CLASS ACT

With the 2020 edition of the JSE Investment Challenge having drawn to a close, teams of youth from schools and universities have gained invaluable knowledge

CLASS ACT

Not even the national school closures and other pandemic-related restrictions could hold back ‘the Queens’ from Mpumelelo Secondary School in Mpumalanga. The all-girl team outperformed their peers – many from better-resourced and some from top private schools – by winning the Income Portfolio category of the 2020 JSE Investment Challenge. A team from Settlers High School came first in the Equity Portfolio while the Speculator prize went to Reddam House Durbanville, both from the Western Cape. The university competition was won by Team Piker from UCT.

This year brought entirely new challenges to the JSE’s flagship CSI initiative that has, for the past 47 years, equipped young South Africans from diverse cultural, geographic and economic backgrounds to take charge of their financial future. Despite the hardships of the COVID-19 crisis, 2020 still saw 9 429 learners from 250 schools and 2 588 students from 69 universities participating in the JSE Investment Challenge.

‘The JSE, and investing in shares, has not been part of the general life of most South Africans,’ says Idris Seedat, Head of Transformation and CSI, Marketing and Corporate Affairs at the JSE. ‘They are seen as remote institutions and practices that only a privileged few know about.

‘The JSE Investment Challenge seeks to change this and – to encourage broader participation in the economy but without creating a populist culture of uninformed share dealing, which has seen disastrous consequences. The JSE has therefore been instrumental in breaking the economic barrier that exists among “have” and “have-not” learners. We aim to be a catalyst for teachers and mentors, to assist disadvantaged schools that will enable them to compete on an equal footing with learners from more privileged schools.’

The challenge takes the form of a simulator where each team of four learners from the same school is given a virtual investment amount of R1 million. They then trade this money on the stock market and invest in actual JSE-listed shares over a six-month period, from March to September. In addition to the monthly prizes, they compete for annual prizes, which, for the top-performing teams, means that each team member receives prize money in an ETF investment account. The top-performing university team wins R25 000 plus a trip to an international stock exchange. The 2019 winners went to New York but, due to the uncertainty regarding travel restrictions, the upcoming prize destination still needs to be confirmed.

This year presented unprecedented challenges, not only in terms of the huge market volatility in response to COVID-19, but also because participants were not allowed to interact in person due to government lockdown restrictions, and not all of them had internet access or airtime during the school closures.

However, the JSE Investment Challenge requires only a small amount of time spent online, and teams that are strategic can share the cost and assign this task to one individual, or take turns and discuss how often they need to be online. The JSE Investment Challenge team also increased its support for mentors and teachers through training webinars, and made itself available to the learners in live, interactive question-and-answer sessions on social-media channels.

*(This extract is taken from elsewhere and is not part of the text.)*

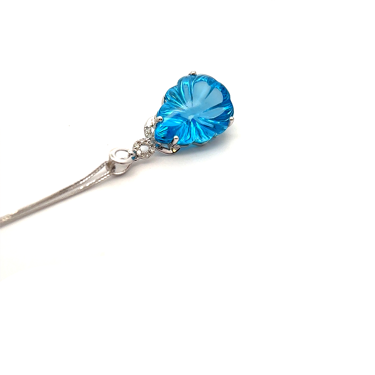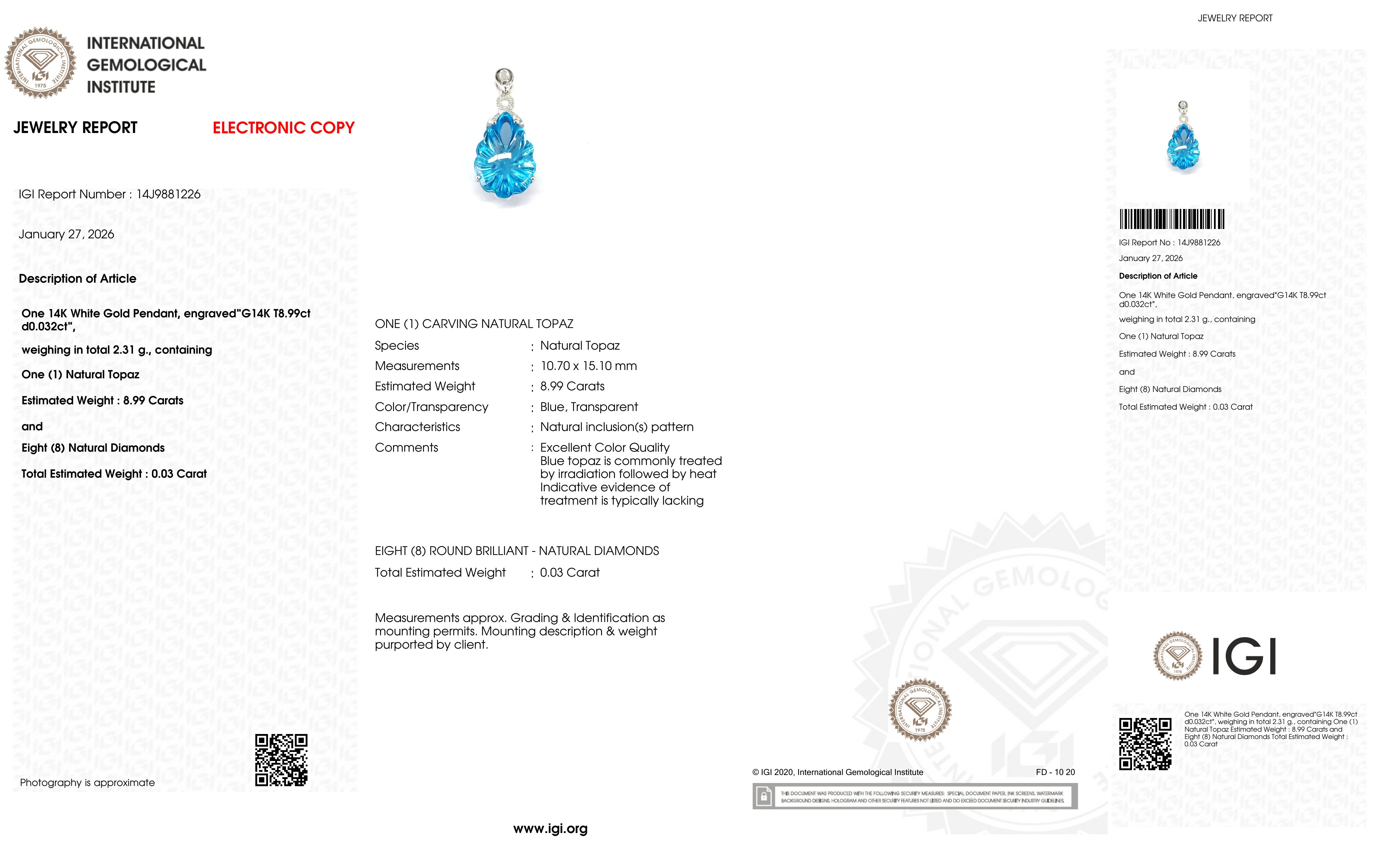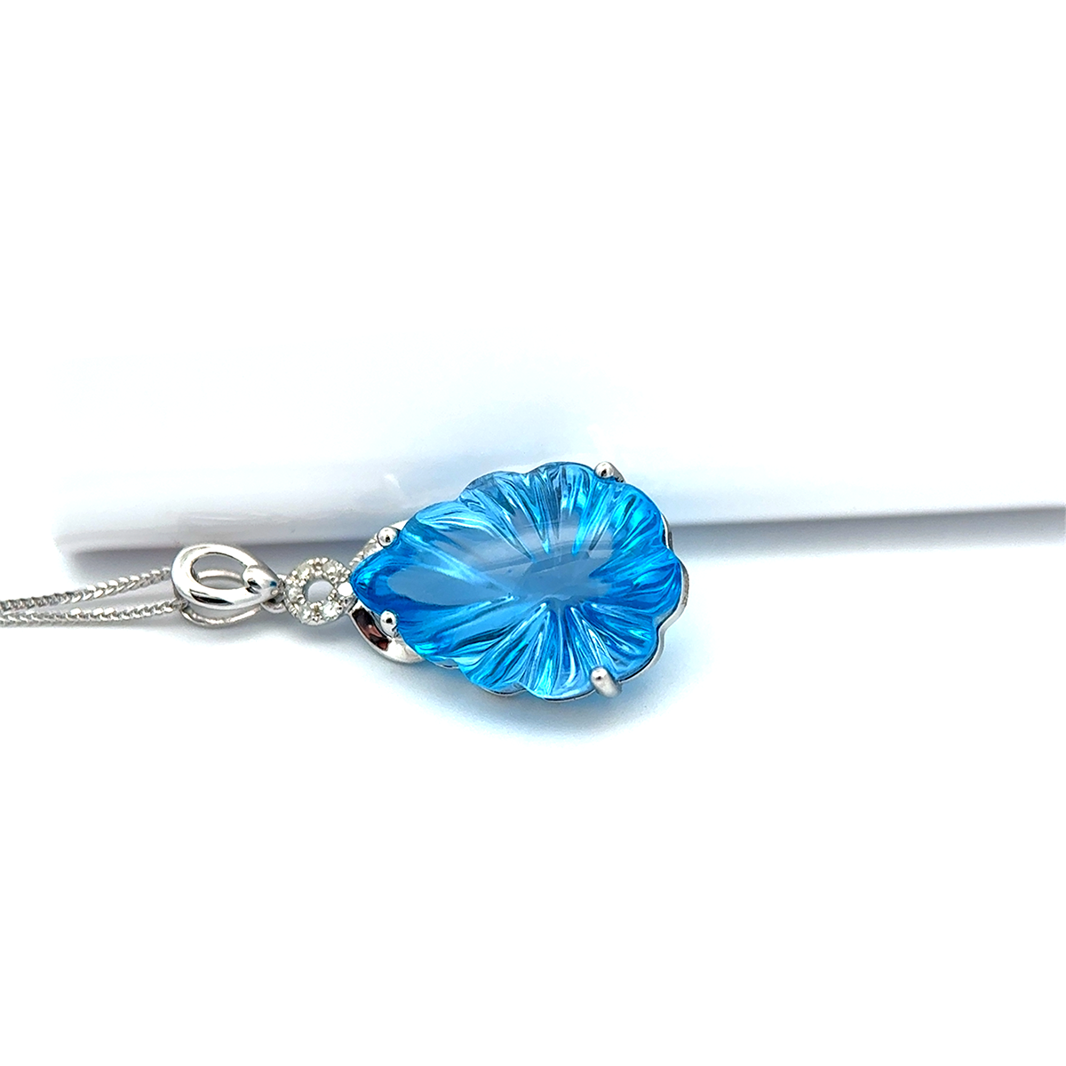 14K White Gold Pendant with 8.99 ct Natural Blue Topaz & Diamonds – IGI Certified

‘This year we also included new instruments such as single-stock futures to be traded on the Investment Challenge platform,’ says Seedat. ‘This is for the learners and students to further enhance trading skills and possible ways of hedging their portfolios by using other “exotic” instruments available on the JSE. In future, we will be including all instruments on this trading engine to replicate exactly what is traded on the live market.’

This will offer an even more realistic simulation for the young participants, allowing them to hone their financial literacy and investment savviness further, and taking them one step closer to becoming valuable future contributors to the SA economy.